My partner and I love these noodles, and eat it often, either with soba or udon noodles, and the dressing is to die for!
Thanks for another great recipe!
xx

PUL Team - June 19, 2022, 2:11 a.m.

Hey Stacy, thanks for the kind words and question! You could play around with omitting the tahini and adjusting the other ingredients to taste, or replacing it with an alternative nut or seed butter such as sunflower seed or cashew butter. Do let us know if you test any modifications out 🙂

Stacy - June 19, 2022, 6:02 a.m.

Oooh, cashew butter sounds like a creamy and great alternative! I am looking forward to testing it out.
Thank you for the response :)


Liliana - Sept. 25, 2021, 9:32 p.m.

It was so good and easy to make!


Rachel - Aug. 7, 2021, 5:53 p.m.

This was delicious, especially the dressing!

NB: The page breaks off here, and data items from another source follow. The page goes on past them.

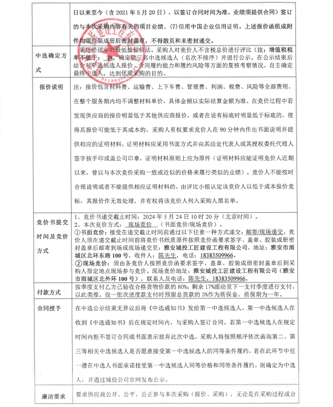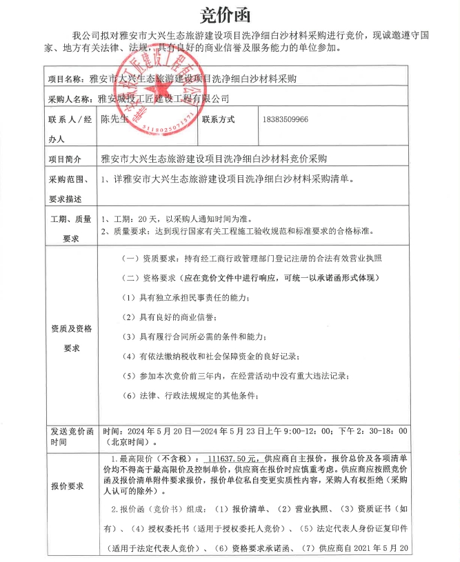 雅安市大興生態(tài)旅游建設項目洗凈細白沙材料采購競價公告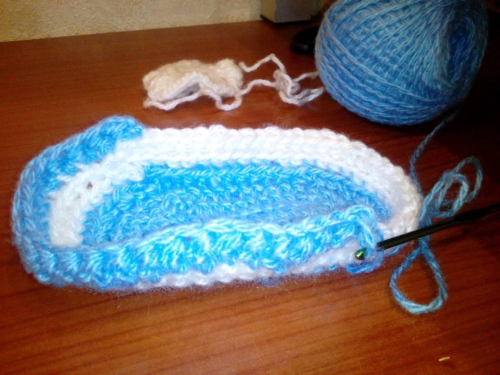 . Вчера сходила в магазин и купила крючок с пояжей. Начала учиться вязать по интернету. Сначала пинетки племяшку.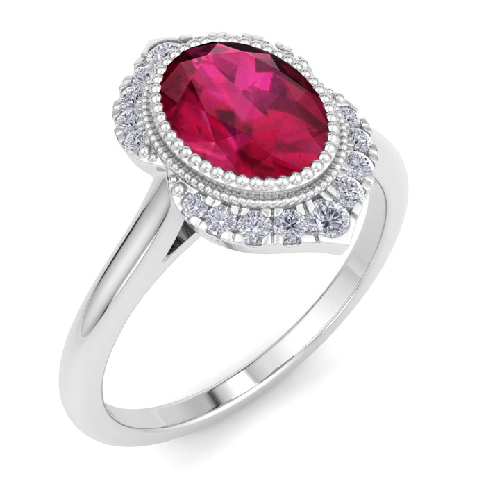 Retrograde Birthstones™ 1 3/4 Carat Oval Shape Ruby and Diamond Ring In 14K White Gold

Rayna - July 23, 2021, 1:19 a.m.

These noodles are delicious!! I have made them quiet a few times, even without the tempeh , it is pretty filling! Before this recipe I have never used soba noodles and now they are a regular staple in the house!

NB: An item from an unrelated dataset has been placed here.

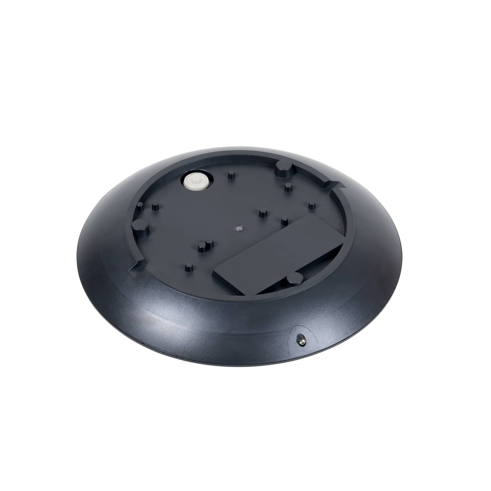 Plafoniera LED Naira grigia con diffusore bianco, anticorrosione, IP65 Naira è una plafoniera che si monta ovunque, anche sulla parete. La forma rotonda e la finitura grigio scuro sono neutre e sobrie. L'elevato grado di protezione IP65 assicura ottima resistenza a sporco e acqua. La lampada pertanto si monta senza problemi davanti ad ingressi, su terrazze e balconi. È possibile anche il cablaggio passante. La robusta costruzione di plastica è anticorrosione. Questo significa che la si può montare in zone costiere senza che subisca danni. Valida anche la resistenza all'urto (IK06), un requisito di robustezza importante per una lampada montata all'esterno. Dati del sensore: - Portata 12 m/6 m - Durata di accensione programmabile: 5 s/90 s/5 min/15 min - Altezza massima di montaggio 6 m - Angolo di rilevamento 30°/150°

PUL Team - July 25, 2021, 2:29 a.m.

Woohoo! So glad you're enjoying this one, Rayna :D


Allison - July 9, 2021, 2:51 p.m.

This is one my favorite recipes to make. I loved the YouTube video I found it in, about getting more protein, and decided to try this one. The dish is awesome, and not hard to make - I've shared it with family who also loved it.

PUL Team - July 14, 2021, 9:52 p.m.

Thank you for the incredible review, Allison, it means so much!

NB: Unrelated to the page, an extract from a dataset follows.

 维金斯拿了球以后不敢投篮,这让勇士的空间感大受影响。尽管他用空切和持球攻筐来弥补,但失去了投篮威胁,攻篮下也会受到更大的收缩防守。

AnnaSophia - July 8, 2021, 5:33 p.m.

I'm no exclusivelyt plant-based, but I like to incorporate more vegan food into my diet, so this tahini/tempeh based noodle dish was the first I tried. Absolutely obsessed with the BBQ Tempeh, and I now use soba noodles more often than regular noodles, as their flavour and extra nutition is a nice bonus.

PUL Team - July 9, 2021, 9:10 p.m.

We're so thrilled to hear this, AnnaSophia! So glad the recipe has been enjoyed ✨🙂


Agate - March 22, 2021, 8:41 a.m.

This is the best recipe I have tried from this blog! Absolutely delicious! Highly recommend :)

Sadia - March 29, 2021, 4:27 p.m.

Aw that's a huge compliment, thanks so much Agate!